Он разложил на салфетке тюбик, спички и пузырек со спиртом, в ванной, оглядевшись по сторонам, добыл пару ватных дисков и устроился клеить богдыхана.
Когда в дверь постучали, он крикнул:
– Войдите!
Мура даже не шевельнулась.
Нинель Федоровна внесла уставленный поднос, поставила его на стол и первым делом пощупала Мурин лоб.
– Ты температуру мерила?
Та посмотрела так, словно ее не узнала.
– Есть, но невысокая, – не обращая внимания на странную Муру, продолжала Нинель Федоровна. – Вася, я там вареньица положила в маленькую баночку, малинового. Пусть она с чаем выпьет, а потом сразу под одеяло! Верное средство, температуру снимет как рукой. Слышишь, Вася?
– Слышу. – Меркурьев спиртом протирал голову богдыхана. – Нинель Федоровна, вот эта штука где стояла?
Она подошла и посмотрела.
– Это не наша, – сказала она уверенно. – А где ты ее взял?
– Нашел, – буркнул Василий Васильевич.
– Да и бросил бы там, где лежала. Еще клеить ее!..
– Точно она не из дома?
Домоправительница еще раз посмотрела.
– Надо у Вити спросить, может, с чердака или из подвала. Я там порядок давно не наводила!.. Побегу, некогда мне.

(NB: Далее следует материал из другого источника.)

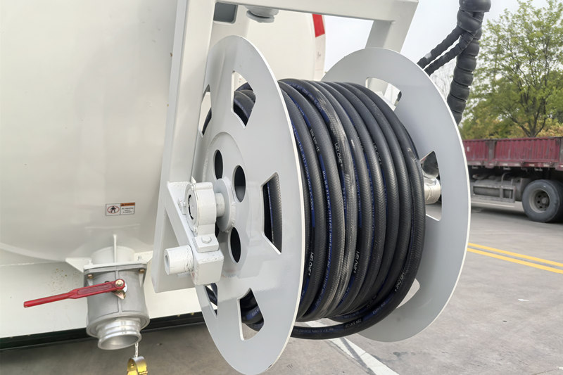 Bodi tangki kendaraan ini terbuat dari baja karbon Q355 berkualitas tinggi. Silinder dan kepala silinder dilas dengan pelat baja karbon setebal 6 mm dengan las lurus.Strukturnya kokoh. Badan tangki terbuat dari bahan anti-korosi dan dilengkapi dengan alarm level cairan dan perangkat pembuangan cepat.
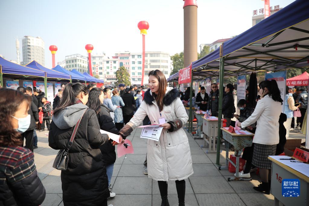 1月31日,在湖南省龍山縣2023年春風行動暨就業援助月現場招聘會上,一單位招聘人員向求職者發放崗位信息宣傳單。
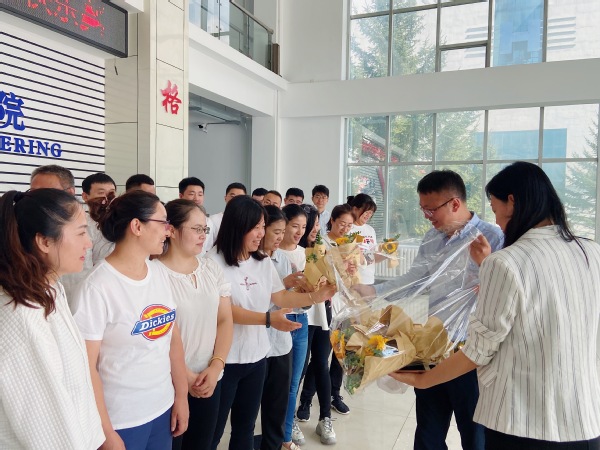 最后,于教三一楼大厅开展了献花活动,经理刘显忠向全院教师们送上了节日的祝福。老师们接过鲜花纷纷表示“不忘立德树人初心,牢记为党育人为国家育才使命,为基层的教育事业奉献自己的力量。”在这个崇高而温暖的节日里,祝所有老师教师节快乐。
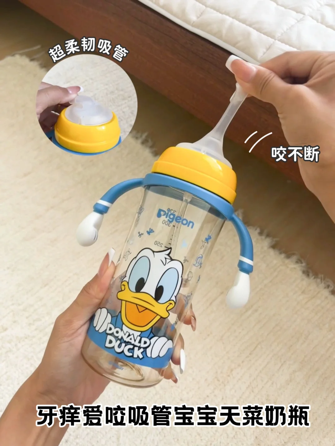 吸管贴合宝宝口腔吮吸运动的样式,就算是50度水泡奶倒置都不带喷一点!
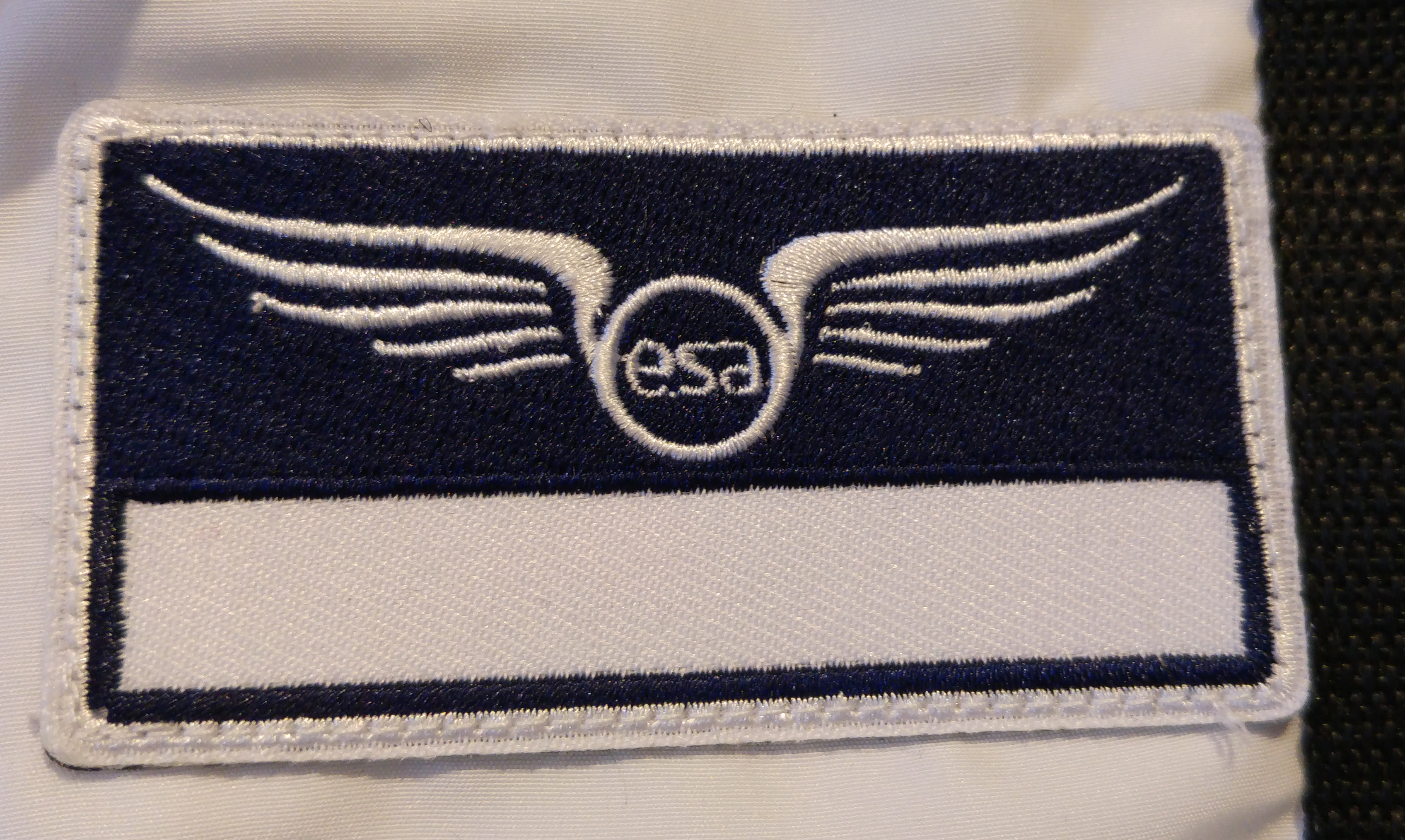 Le déguisement est composé d'une combinaison, ornée de 2 logos officiels de l'ESA : les drapeaux et le centre d'entraînement.

– Нинель Федоровна, если Кристина объявится, сообщите мне! – вслед ей крикнул Меркурьев.
Он приставил голову богдыхану, придержал, сильно нажимая, отпустил и полюбовался своей работой. Голова села крепко.
– Давай завтракать. Или ты в астрале?
Мура оглянулась и сказала про богдыхана:
– Господи, еще и голову приделал! Что он тебе покоя не дает?!
– Посмотри, он как новый. Нет, даже лучше нового!..
Мура подошла к столу, откинула с подноса салфетку и потянула носом.
– Ничего не чувствую, – пожаловалась она. – Когда не пахнет, есть неинтересно.
– Придется поесть, – тоном собственной бабушки сказал Василий Васильевич.
Он налил себе кофе – большую кружку, – Муре заварил чаю, разболтал в нем полбанки малинового варенья и принялся за яичницу. Мура ковыряла ложкой золотистую пшенную кашу.
– Что у нас есть, – начал Василий Васильевич. – Первое, труп. Ванюшка свалился с маяка. Все двери в доме были заперты, следовательно, кто-то видел, как он вышел, и дверь за ним закрыл. Но никто не признается.
Мура посмотрела на него и кивнула.
– Второе. На верхней площадке маяка ты нашла фонарь. Ванюшка шел с фонарем, следовательно, к походу готовился. Друг Саня уверен, что Ванюшка просто рисковый пацан, любит шалости и в этот раз тоже шалил, но неудачно. Фонарь Саниным выводам противоречит.
– Согласна.
– Третье – у Кристины пропал изумруд. Двери у нас никто не запирает, кроме меня, изумруд мог взять кто угодно. Или она сама его потеряла.
– Нет, – перебила Мура, отхлебывая чай из варенья. – Не потеряла.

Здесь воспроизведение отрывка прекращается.